The other half of the story is travel. Solis uses a global SIM that hops onto the strongest network across 130-plus countries, and the app shows signal and usage while letting you buy regional or global data. For someone who travels and still wants to check the home cameras on the same familiar plan, that removes a layer of fiddly local-SIM hassle. It won't replace a proper home router, and it shouldn't. But as an always-ready backup and a travel companion rolled into one device, a Solis hotspot quietly solves a problem most smart homes ignore until the day the connection drops.

Sizing Your Backup Data Plan

The question everyone asks is how much data a smart home actually burns during an outage, and the answer is reassuring. Status polling from locks, thermostats, and sensors is tiny, often just a few megabytes an hour across a whole house. The data hogs are cameras, especially anything streaming or uploading 4K clips. If your failover priority is keeping locks and alarms reachable while letting cameras drop to a lower resolution, a modest pay-as-you-go package stretches a long way.

A practical approach is to set your cameras to a lower bitrate or to event-only recording on the backup connection, which you can often automate based on which WAN is active. That way a multi-hour outage costs you a sensible amount of data rather than a shock on your next top-up. Keep the Solis charged or wired to power, test the failover once after you set it up so you trust it, and then forget about it until the day your main line goes down. That day is exactly when a quietly maintained backup proves it was worth the small ongoing cost.

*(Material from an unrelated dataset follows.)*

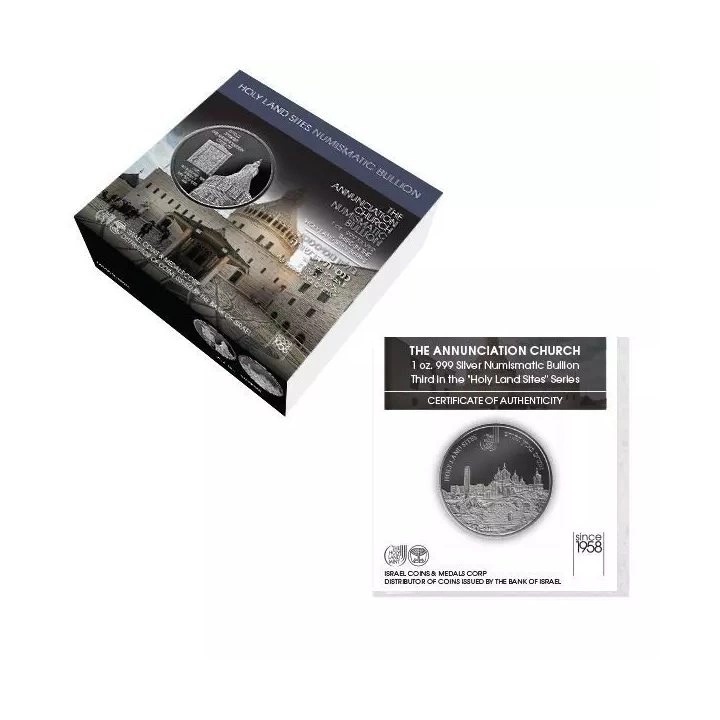 Awers ukazuje wieżę "Bazyliki Zwiastowania", drzwi ze scenami biblijnymi i napis "THE ANNUCIATON CHURCH". Na awersie umieszczono informacje o roku, czystości i wadze kruszcu zapisane po hebrajsku, angielsku.

Setting up a Solis hotspot as genuine automatic failover rather than a manual backup takes about an hour the first time. The key step is connecting it through a router with a WAN failover input so the switch happens without you touching anything when your primary connection drops. Many modern routers, including OpenWRT builds and consumer models from TP-Link and ASUS, support this natively. Once configured, the device becomes invisible until it is actually needed. The more common approach is simply keeping the device charged and plugging it in manually during outages, which works fine for most households. Either way, the pay-as-you-go data model means you pay nothing during the months your connection stays up. For a backup solution you genuinely hope never to use, that cost structure is exactly right.